И вот в начале 11-го часа у дверей этих произошло внезапное движение; все, кто стояли тут, как волны, отхлынули направо и налево, и на пороге показался он сам в сопровождении двух императриц: вдовствующей и царствующей, наследника престола Константина Павловича и великой княжны Анны Павловны.
В октябре 1811 года императору Александру I было без малого 34 года[10]; но с виду он казался гораздо моложе. Высокая и статная фигура его, несколько наклоненная вперед, невольно напомнила Пушкину классическую позу античных статуй. Редкие белокуро-золотистые волосы были причесаны по-античному и делали его высокий лоб еще более открытым. А в слегка прищуренных близоруких небесно-голубых глазах, в каждой черте художественно-правильного лица его отражалась такая ангельская доброта, такая кротость, что нельзя было не почувствовать безграничного благоговения к его царственному величию. Очарованный Пушкин не мог отвести глаз от него.
«Так вот он каков!» – думалось ему, и в памяти его возникло одно за другим все, что сделано этим государем для своего народа.
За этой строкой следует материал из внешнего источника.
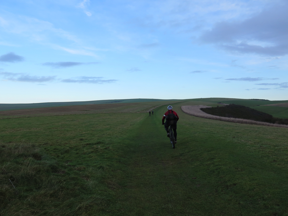 A few hundred yards along the top of the downs and it’s straight back down to Comp Lane again via Bo Peep Bostal. Then another few hundred yards further along Comp Lane we turn straight back up the escarpment. Another steep slippery grass track up to the SDW. Futile remember. After another puncture is repaired it’s straight back down again towards a place marked as Sanctuary on the map. If only. We immediately turn back on ourselves up the flint laden chalk path to Long Burgh and then straight down a gravel track into Alfriston. I’ve noticed that the light is fading, a mix of cloud and lowering sun. Hmmm.
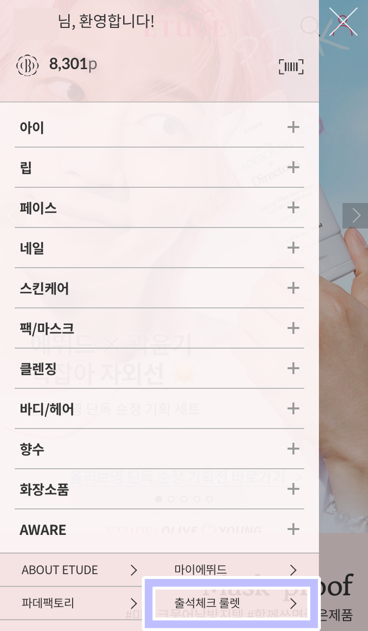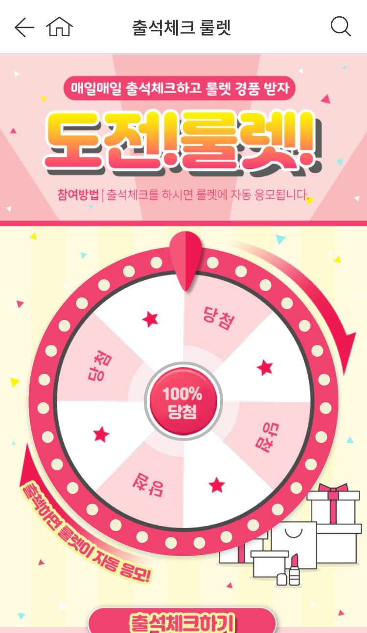 출석체크 룰렛 (뷰티포인트 유효기간 60일)

Ему сдавалось, что вся эта стоящая внизу толпа разряженной знати молится теперь только за него, за своего возлюбленного монарха.
Молебен кончился. Внизу опять все заколыхалось, чтобы пропустить духовенство, направлявшееся в здание лицея для освящения его.
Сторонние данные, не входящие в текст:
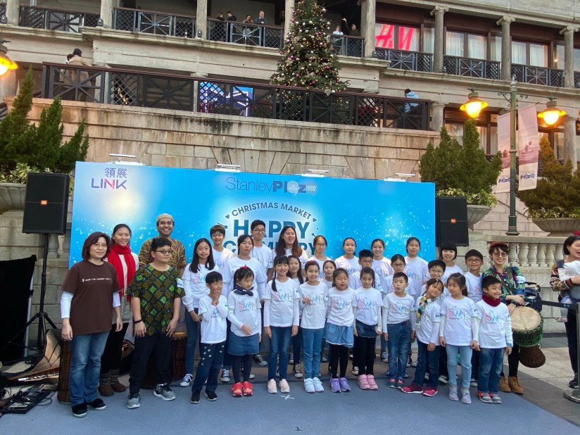 聖誕市集一連三個週末在 Stanley Plaza 赤柱廣場 舉行。期間,大會更在「美利樓」安排了不同的表演項目供大家欣賞。昨天下午,就是SWAN Academy 的聖誕音樂表演,有聖誕曲目,也有非洲音樂,可幸孩子們也是表現成員之一。
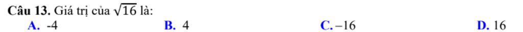 Vậy giá trị của `sqrt{16}` là: `4`

– Здоров ли ты, Пушкин? – спросил заботливо Пущин, заметив разгоряченное лицо и лихорадочно блестящие глаза друга.
– Здоров… – нехотя пробормотал тот в ответ и протиснулся вперед, чтобы избавиться от дальнейших расспросов.
Обойдя кругом все помещения лицея и окропив их водой, духовенство удалилось; остались одни светские власти. В большом лицейском конференц-зале был поставлен между колоннами стол, покрытый до полу красным сукном с золотой бахромой. Справа от него стали в три ряда лицеисты, с директором, надзирателем и гувернерами во главе; слева – профессора и чиновники лицейского управления. Для сановных гостей было отведено все остальное пространство зала, уставленное рядами кресел и стульев. Когда все разместились, вошла царская фамилия и, ответив на общий поклон приветливым наклонением головы, заняла первый ряд кресел. Министр, граф Разумовский, сел рядом с государем.
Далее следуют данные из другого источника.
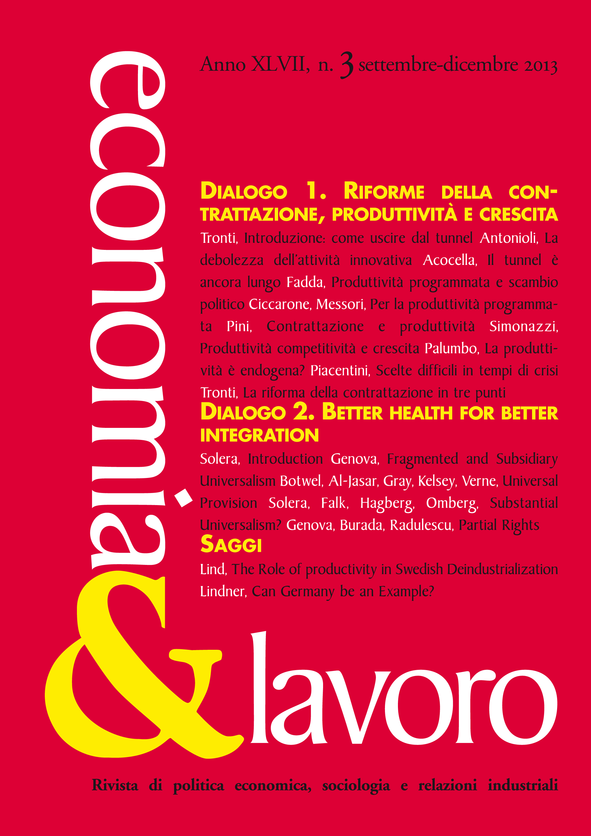 Comitato editoriale (responsabile degli indirizzi scientifici della rivista, senza funzioni decisionali in merito alla selezione e pubblicazione degli articoli): Dominique Anxo, Paolo Bagnoli, Josep Banyuls Llopis, Paolo Borioni, Gerhard Bosch, Luisa Corazza, Orsola Costantini, Michele Faioli, Beáta Farkas, Umberto Gentiloni, Dario Guarascio, Eri Kasagi, Victoria Lambropoulos, Rochelle Le Roux, Riccardo Leoni, Franco Liso, Fabrizio Loreto, Claudio Lucifora, Maria Cristina Marcuzzo, Andrea Panaccione, Paolo Piacentini, Paolo Pini, Enrico Pugliese, Michele Raitano, Brishen Rogers, Enzo Russo, Francesco Saraceno, Donatella Strangio, Paola Villa, Andrew Watt

Первым выступил директор департамента народного просвещения Мартынов и взволнованным, неестественно высоким фальцетом прочел сперва манифест об учреждении лицея, а потом грамоту, всемилостивейше дарованную лицею. Граф Разумовский, приняв от него грамоту (пергаментный фолиант в богатом, золотого глазета переплете), поднес ее государю для подписи и затем передал директору лицея Малиновскому.
Пушкин, стоя в переднем ряду лицеистов, как раз позади Малиновского, заметил, как тот переминался с ноги на ногу, тяжело дышал и, тихонько откашливаясь, подносил к губам платок, а когда почтенный Василий Федорович, приняв от Разумовского грамоту и сам выступив вперед, развернул свиток приготовленной им приветственной речи, то побледнел, как полотно. Прерывающимся, едва слышным голосом прочел он свою речь, из которой более отчетливо можно было разобрать только заключительные слова:
– Мы потщимся каждую минуту жизни нашей, все силы и способности наши принести на пользу сего нового вертограда: да ваше величество и все отечество возрадуетесь о плодах его.
Все присутствующие, казалось, не менее самого Малиновского были рады, когда тот вздохнул после своей пытки и когда его сменил конференц-секретарь, профессор Кошанский. Тот прочел только список начальствующих лиц и воспитанников лицея, причем каждый из называемых поочередно выступал из ряда и кланялся государю.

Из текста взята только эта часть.